Und lag die Aufmerksamkeit im letzten Jahr nur auf dem Chassis, so stellte sich in dieser Saison heraus, dass der Italiener zum Besten im Peloton wurde und mit Mercedes den unangefochtenen Spitzenreiter der Turbo-Tour verdrängte. Was hat für Scuderia-Fans einen so unerwarteten, aber angenehmen Schub ausgelöst? Dazu musste Sergio Marchionne die Atmosphäre des Konservativismus, der Krise und der Angst vor Innovationen durchbrechen, die zum Zeitpunkt seiner Ankunft im Team herrschte. „Ferrari ist jetzt kein Team, sondern ein Haufen eingeschüchterter Leute. Sie lassen sich nichts Neues einfallen, treffen keine Entscheidungen, sie haben Angst, gefeuert zu werden“, sagte der ehemalige Renningenieur Luca Baldisseri, der 2015 Ferrari verließ, über den Stand der Dinge in Maranello.
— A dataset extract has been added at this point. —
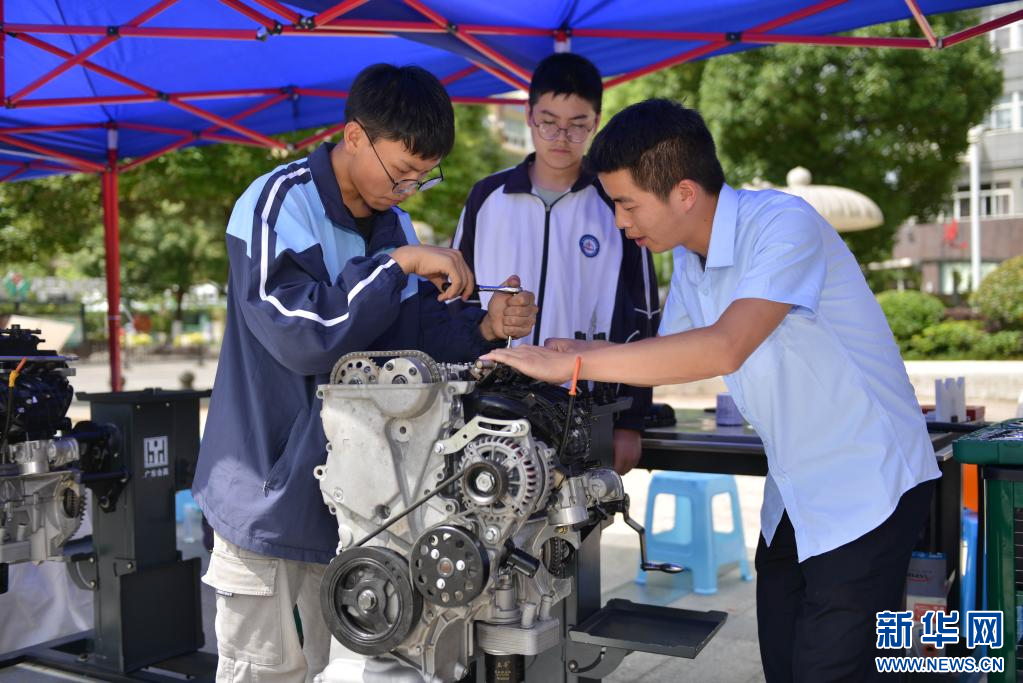 7月1日,贵州省龙里县中等职业学校的师生在进行汽车零部件维修技能展示。新华网发(冯涛 摄)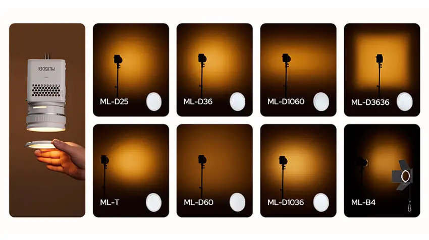 Both models are fully compatible with the Godox Mount ecosystem, supporting a variety of accessories that magnetically attach to the ML-Z reflector, including stackable diffusers and layered diffusion panels.

Marchionne brauchte mehrere Monate, um das Team umzustrukturieren. Mit seiner Einreichung wurde in jedem Bereich eine Arbeitsgruppe geschaffen, die nach neuen Ideen suchte. Die Atmosphäre im Team wurde offener, die Mitarbeiter scheuten sich nicht mehr, neue Lösungen anzubieten, wodurch Ferrari wieder zum Vorbild für Technik und Aerodynamik in der Formel 1 wurde und sogar die anerkannten Leader in dieser Angelegenheit bewegte - Red Bull Adrian Newey.
Personal
Marchionne entschied, dass Italien genug von seinen eigenen Talenten habe, und auch nachdem James Ellison den Posten des technischen Direktors verlassen hatte, lud er keinen Ausländer mit lautem Nachnamen ein. Die Wette auf lokales Personal, insbesondere auf wenig bekannte Spezialisten, sah äußerst abenteuerlich aus selbst in den Augen des engsten Kreises des Ferrari-Präsidenten. Aber Sergio glaubte an sein Volk. „Italiener machen gute Straßenautos. Aber warum können sie keine schnellen Rennwagen bauen?“Er hat gefragt. Und ein Wunder geschah. Der ehemalige Chefpfleger Mattia Binotto hat Ellison nicht nur erfolgreich abgelöst, sondern ihn als Chief Technical Officer übertroffen. Der ehemalige Mitarbeiter des Tabakkonzerns Phillip Morris Maurizio Arrivabene passte sich organisch in die Rolle eines charismatischen Teamleiters ein, und unter der Führung von Corrado Lotti, der zuvor die GT-Abteilung leitete, entstand der beste Motor der modernen F1.
Politischer Kampf mit Liberty Media
Marchionne war eine der Schlüsselfiguren im Widerstand gegen die Absicht der neuen Formel-1-Besitzer mit Liberty Media, die WM zu demokratisieren. Und wenn bei den Treffen der Strategischen Gruppe und der F1-Kommission Mercedes und Red Bull - Ferraris wichtigste Verbündete in diesem Kampf - von Toto Wolff und Christian Horner vertreten waren, dann war Sergio persönlich von der Scuderia und nicht der direkte Manager des Arrivabene-Teams.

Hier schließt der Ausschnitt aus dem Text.